Les biopsies, c’est-à-dire le prélèvement d’un échantillon de peau et de graisse à l’aide d’une arbalète, servent à étudier son alimentation, spécialement en regard du zooplancton.
Enfin, nous étudions les contenus de l’estomac de la baleine pour analyser sa diète.
La population de baleines boréales a été grandement décimée durant la chasse commerciale aux 19e et 20e siècles et le rétablissement du nombre d’individus demeure précaire. Les caractères biologiques particuliers de l’espèce, conjugués aux changements climatiques la rende vulnérable. Les aires d’alimentation et la quête alimentaire de la baleine boréale peuvent être affectées par la quantité et par la disposition de la glace de mer, un peu comme c’est le cas chez l’ours polaire. Dans un contexte de changements climatiques, où l’Arctique se réchauffe, il est important d’étudier toutes les espèces de l’écosystème, du zooplancton jusqu’à la baleine. Ma recherche vise à voir comment ce mammifère marin s’adaptera à un pôle Nord avec de moins en moins de glace.

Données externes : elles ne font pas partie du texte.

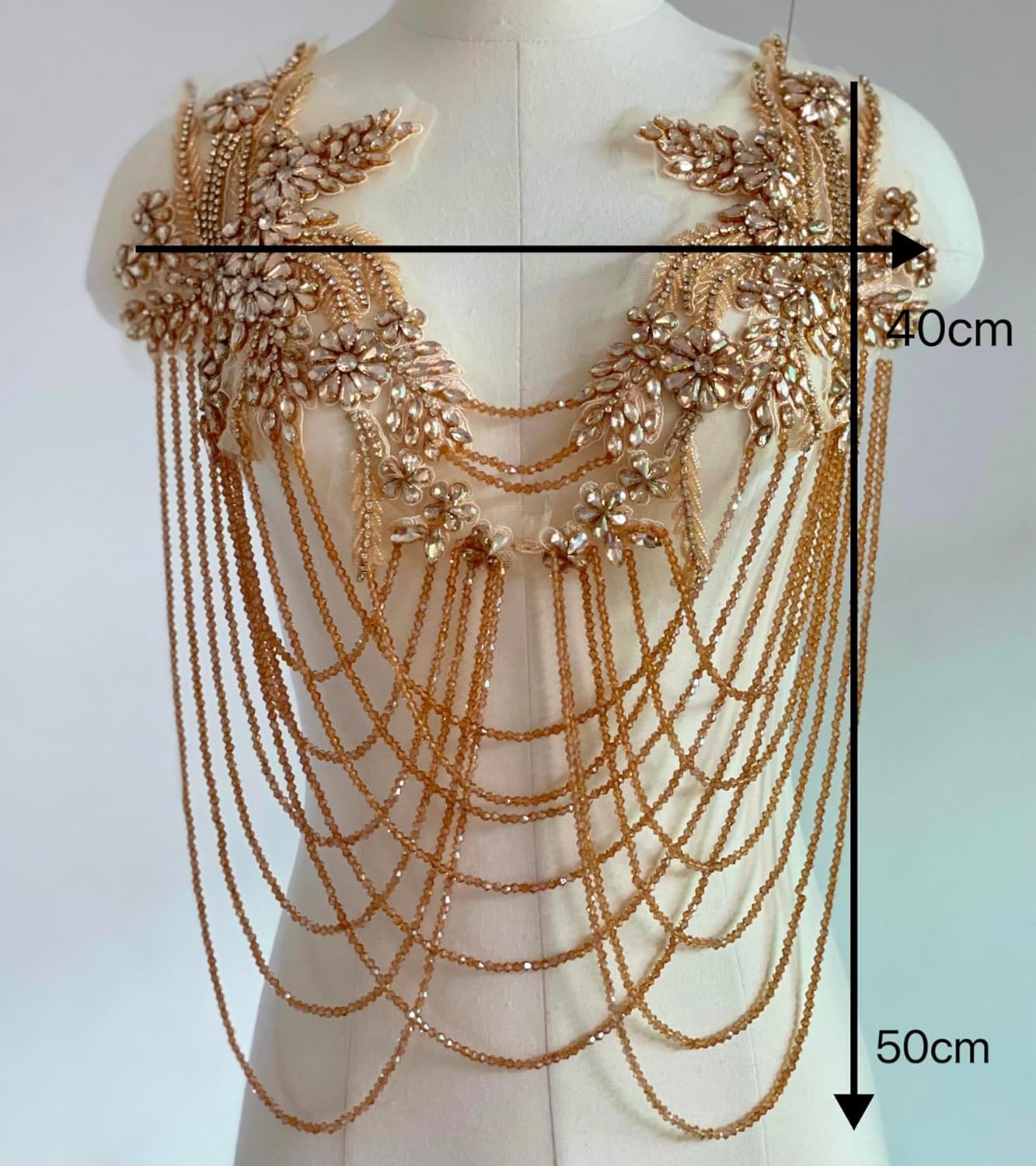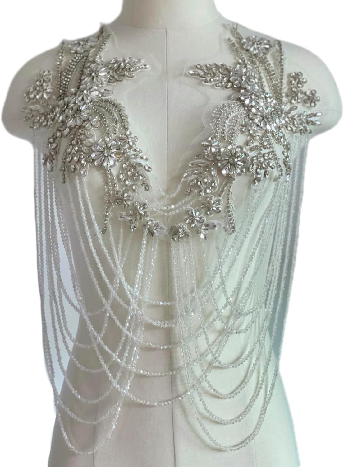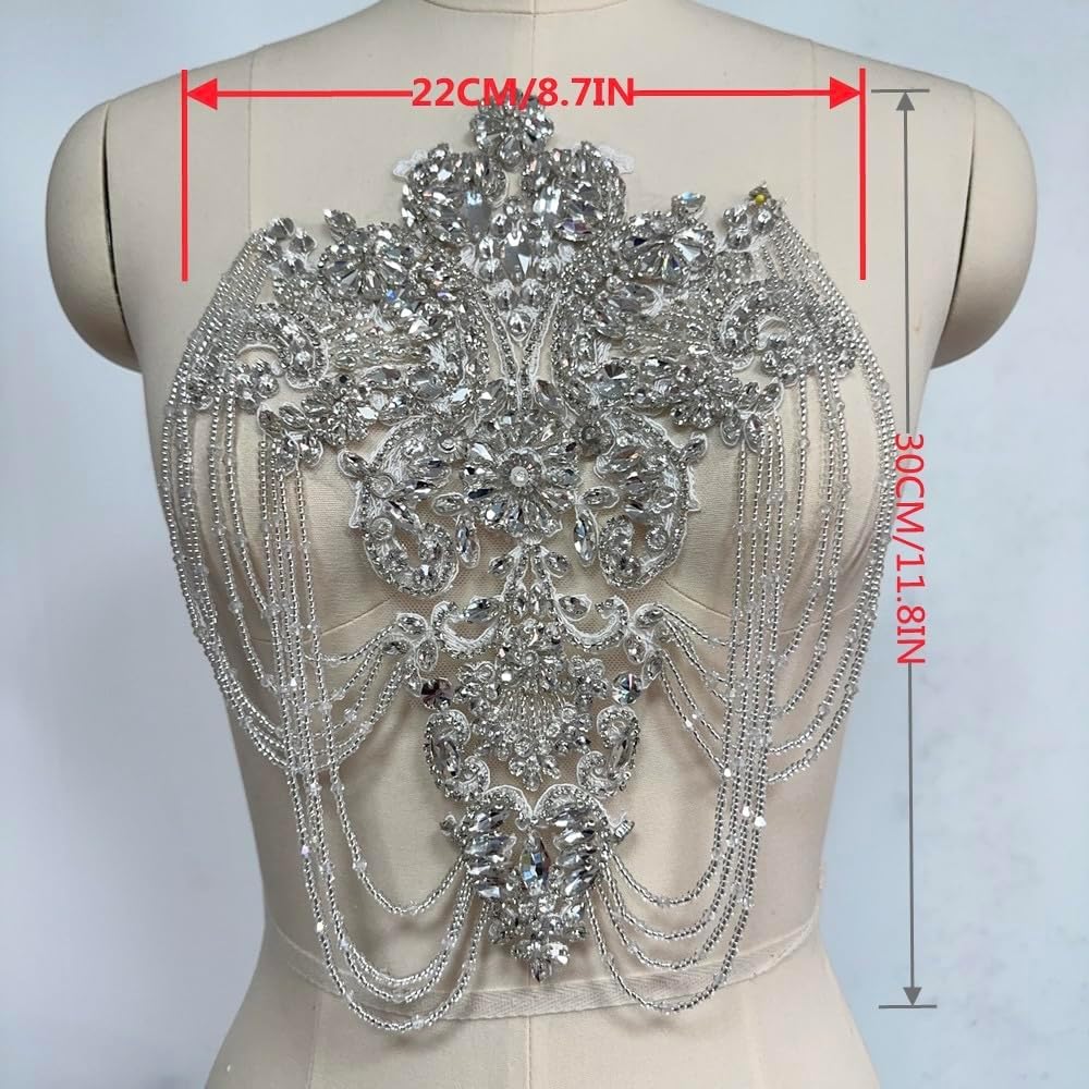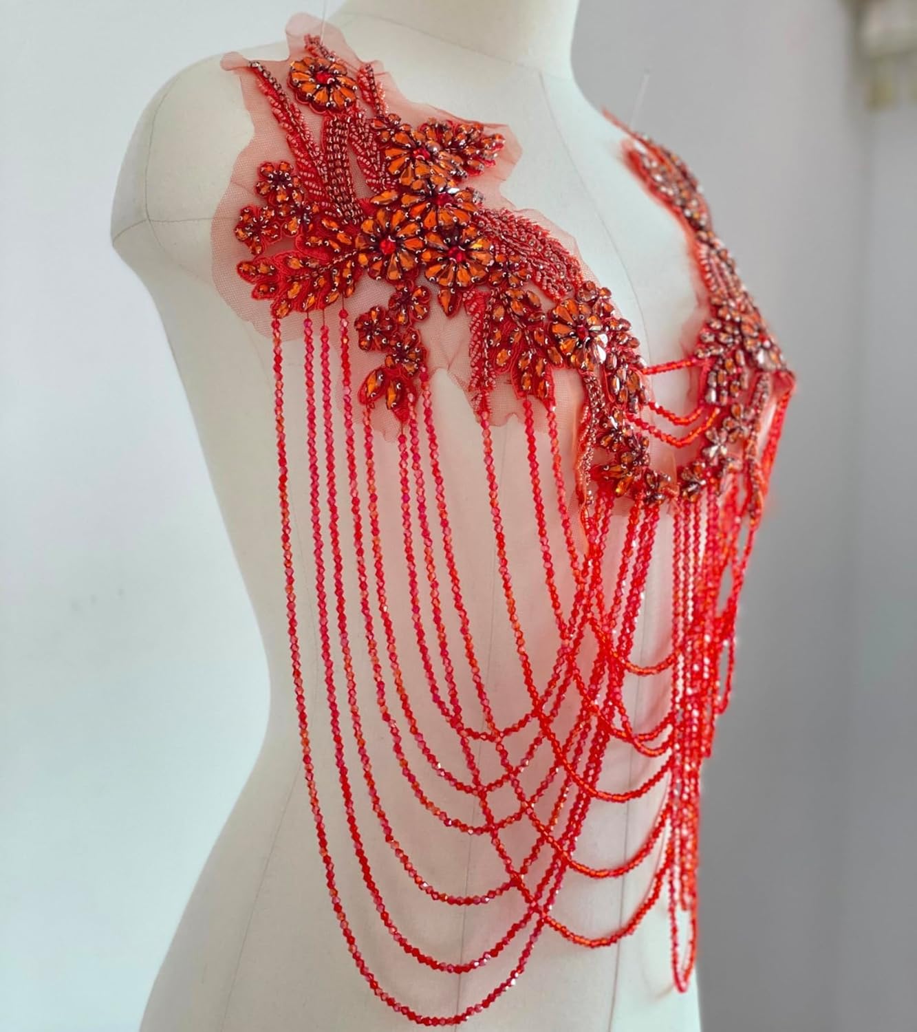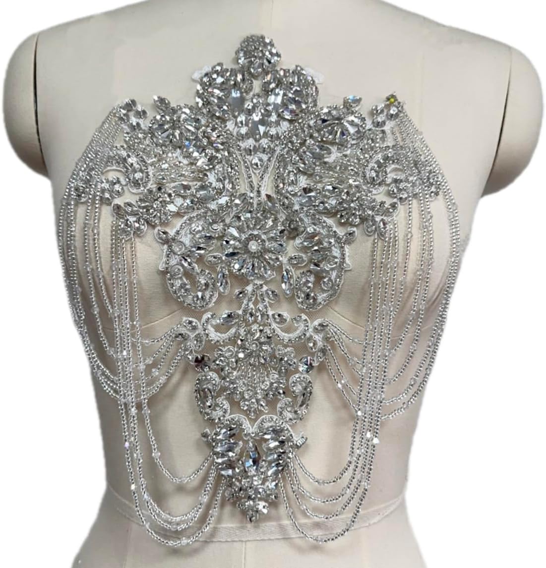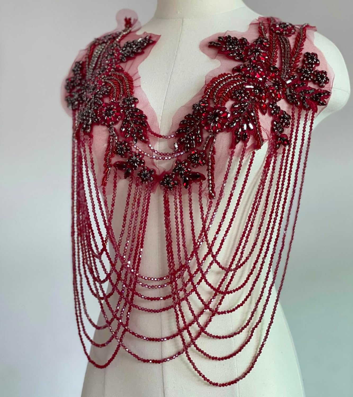 Handmade Tassel Rhinestone Applique,Rhinestone Bodice Applique, Rhinestone Applique for Dress Wedding Clothing Accessory Applique、Patch (Pink)

Quel lien peut-on établir avec la situation environnementale en Antarctique?
D’abord, j’ai eu la chance de participer au projet Students on Ice à la fin de l’année 2010, à proximité du pôle Sud. J’avais pour mission de présenter des ateliers de vulgarisation scientifique sur les changements climatiques à des jeunes de 14 à 19 ans provenant de partout dans le monde.

Students on Ice : Corinne Pomerleau participe à une mission en Antarctique >>>

Sciences de la mer : Corinne Pomerleau remporte une bourse de la Fondation W. Garfield Weston >>>

Contrairement à ce que l’on pourrait croire, l’Arctique est bien différent de l’Antarctique. Le pôle Nord est relativement accessible, il y existe une végétation et il s’agit d’une région maritime très stratégique sur le plan politique. À l’opposé, très peu d’humains ont mis les pieds au pôle Sud. Les mers sont plus difficiles à naviguer. Plusieurs de mes collègues chercheurs considèrent qu’un périple en Antarctique est aussi « exotique » qu’un voyage dans l’espace! Il s’agit peut-être du dernier endroit sur la Terre où la nature est encore « vierge ».

Au terme de votre doctorat, quels sont vos projets?
Je vais continuer mes recherches dans le domaine de l’océanographie en milieu polaire. Mon stage postdoctoral est déjà en préparation, et cette fois, j’irai en Colombie-Britannique et au Japon. Le Canada joue un rôle majeur dans la recherche en Arctique et je veux participer au rayonnement de notre pays dans ce secteur. Toutefois, mon réel défi sera de rendre la science accessible à la population, afin que le plus de gens possible fassent leur part pour contrer le réchauffement climatique. Chaque geste compte.